I keep thinking back to the scene in Donnie Darko in which Kitty Farmer draws a continuum of “fear” and “love” on the chalkboard, explaining that all actions are a product of either fear or love. Donnie responds:

Life isn’t that simple. I mean who cares if Ling Ling returns the wallet and keeps the money? It has nothing to do with either fear or love.
Kitty Farmer: Fear and love are the deepest of human emotions.
Donnie: Okay. But you’re not listening to me. There are other things that need to be taken into account here. Like the whole spectrum of human emotion. You can’t just lump everything into these two categories and then just deny everything else!
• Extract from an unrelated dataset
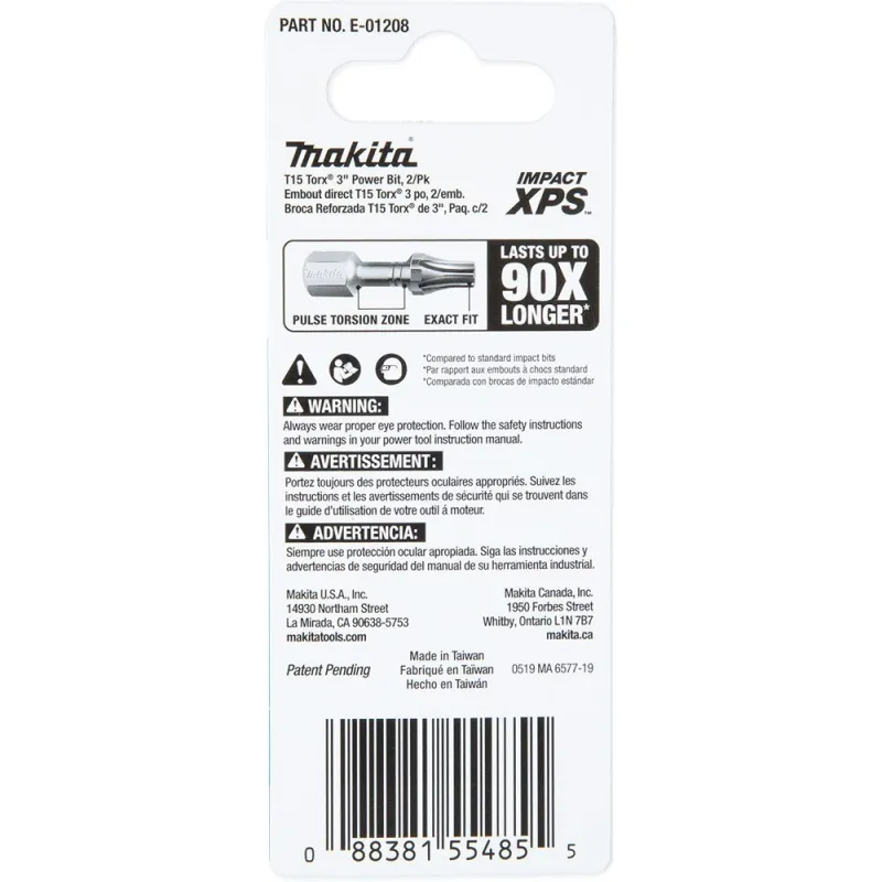 Makita® Impact XPS™ is new innovation in fastening with insert bits and fastening accessories built for the demands of the professional contractor. The ImpactXPS T15 Torx® 3″ Power Bits are designed exclusively for use with high-torque impact drivers, and are engineered to last up to 90-times longer than standard insert bits. High-strength steel delivers longer bit life, and the precision-fit tip is engineered to prevent “cam-out” and stripping. The torsion section of the bit flexes under load to take pressure off of the bit tip for increased durability. The high quality steel construction is engineered for increased durability and features a matte nickel surface for best in class corrosion resistance. ImpactXPS T15 Torx® 3″ Power Bits are ideal for the most demanding jobs including deck building, framing, installing plywood subfloor, and more.

Recently, I feel like I’ve been sucked into this false dichotomy full force, and believe me, I agree with Donnie, it is a false dichotomy. However, as I started to contemplate in my previous entry, I have been faced with fear and love equally lately. I don’t want to be ashamed of my fears so I can better work through them. I want love to be the motivation for my actions and how I treat myself and others. I’m not sure if or how these emotions interact within me, but I think my awareness of them is deeper than coincidence. Still, I doubt that if I face my fear of falling down an eroded hill, I will be able to better extend love to Devin’s sister or a stranger. I may be able to better extend love to myself, but it would be a conditional love.
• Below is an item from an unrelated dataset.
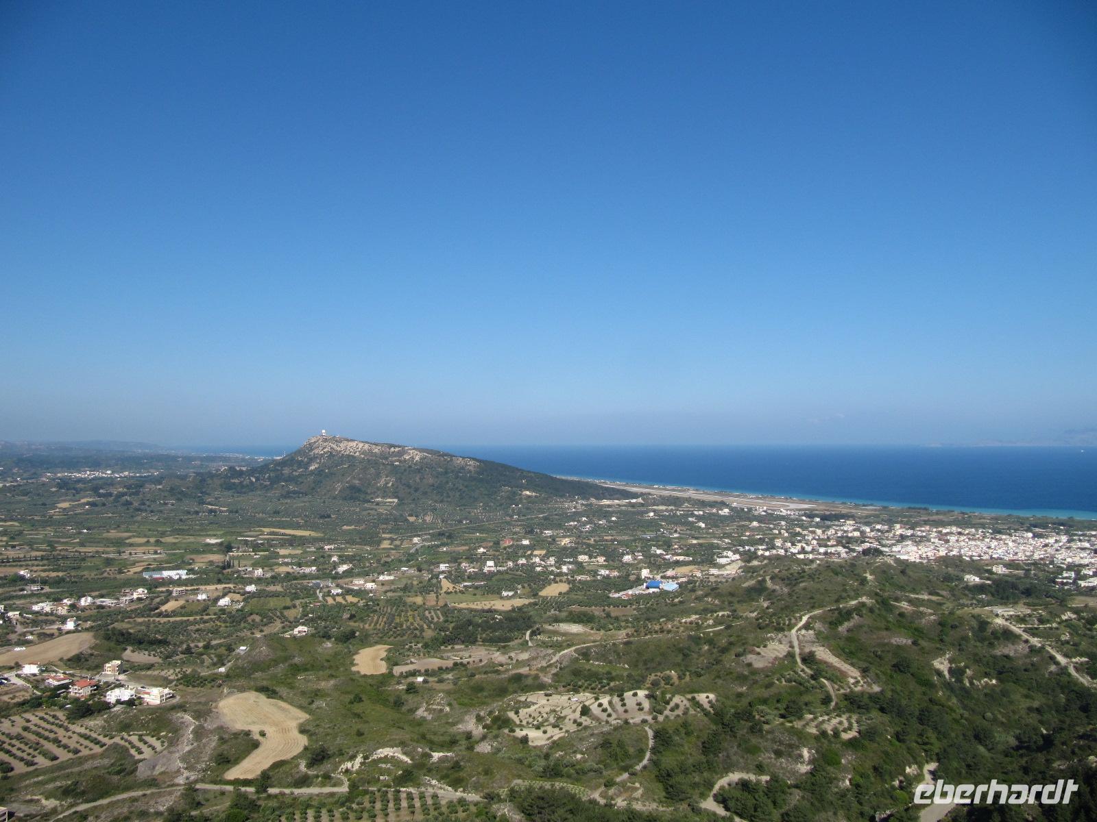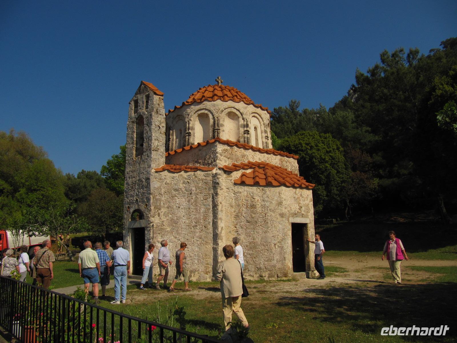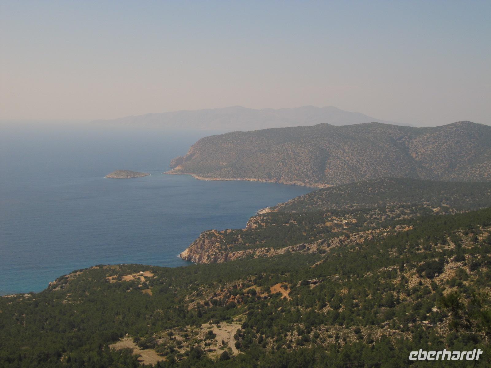 Monólithos. Der Berg ist nicht begehbar, da nur eine schmale ungeschützte Steintreppe heraufführt. Wir halten an einer Aussichtsplattform und haben hier die Möglichkeit hervorragende Bilder der Johanniterburg zu machen. Die schroffe Küste ist eingebettet in wilde Küstenlandschaft. Es herrscht steter Wind, daher ist die Vegetation in diesem Teil der Insel eher karg und felsig, aber nicht weniger interessant. Über die Straße zum Profítis Ilías setzen wir unsere Fahrt fort zur kleinen spätbyzantinischen Kirche Ágios Nikoláos Fountoúkli aus der Zeit um 1500, die uns mit ihren schönen Fresken fasziniert.

A few days ago, Devin and I cuddled in the rose garden at Julia Davis Park and talked about what we want to be when we grow up. Neither of us could pinpoint a particular occupation, but I realized in the past two years, my life goals have become much more practical. I want to continue to love life and strive to understand how I connect with the everything that moves around me, but part of me wants to do this “settled down.” It’s not that it is exhausting to be a sex radical or just radical in general all the time, but I know that it is possible to build a stationary life and make it radical. I’ve grown to value raising kids, and my previous reasons for not wanting them more accurately reflect internalized misogyny than feminism.
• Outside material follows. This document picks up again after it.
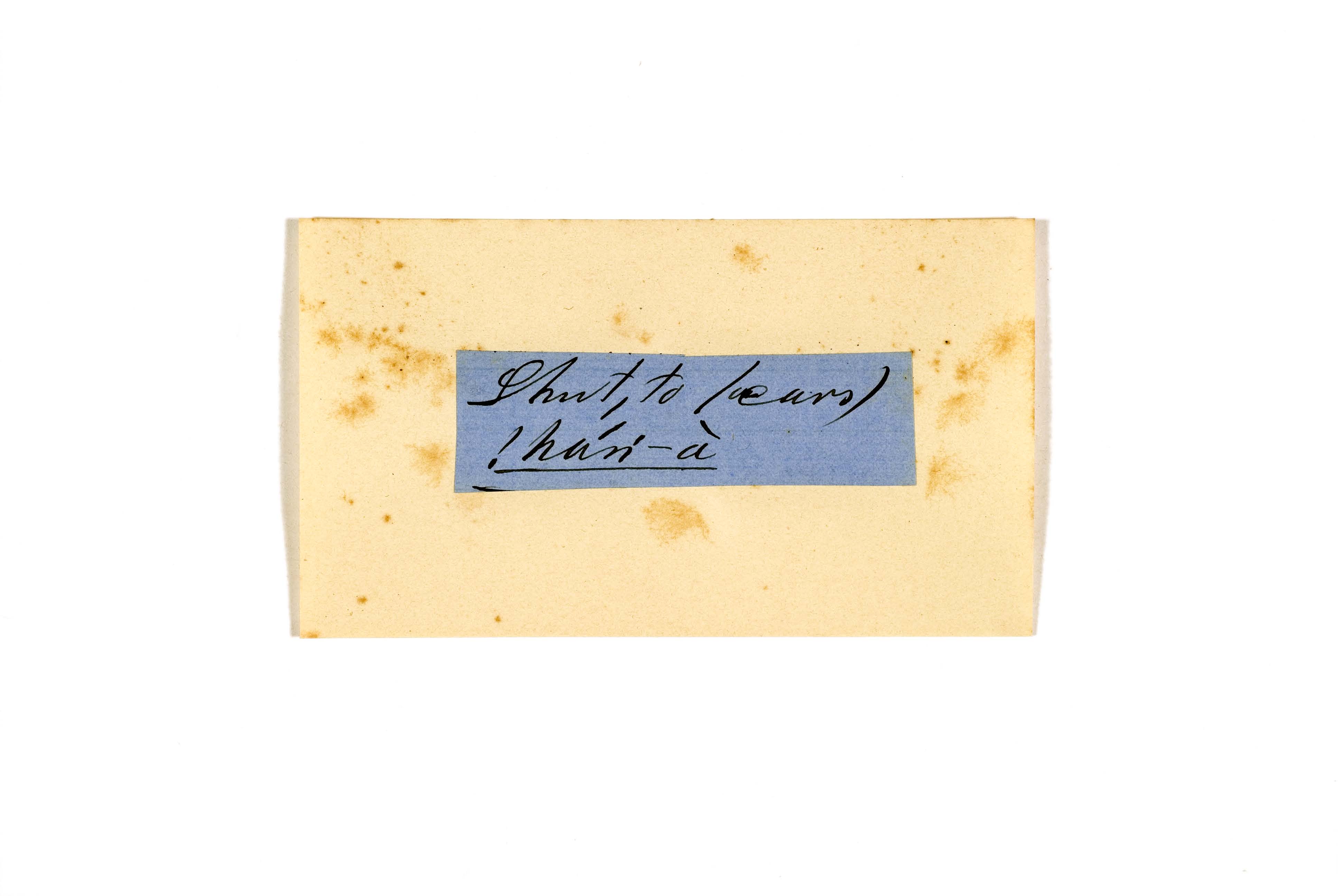 ink on blue paper glued on card

But I’m not making any plans. I’ve been skipping around town with “Que Sera, Sera” scrolling through my brain, and I feel like, for the first time possibly ever, I’m becoming genuinely okay with whatever will be, will be. The last time I felt this awake I was eighteen. The hurdle is always believing that I am okay, that what happens in my life can be made into something thrilling, that I can love myself (whatever that means).

…part of what I don’t like about Eckhart Tolle is that he talks in abstract new age buzzwords. When I re-read this entry, I see so many of them. As a writer, this is displeasing. I intend to transcend abstract new age buzzwords… but I guess I ought to accept them when they are unavoidable.

I’ve been trying to write more, and I think that keeping this blog will be a good practice.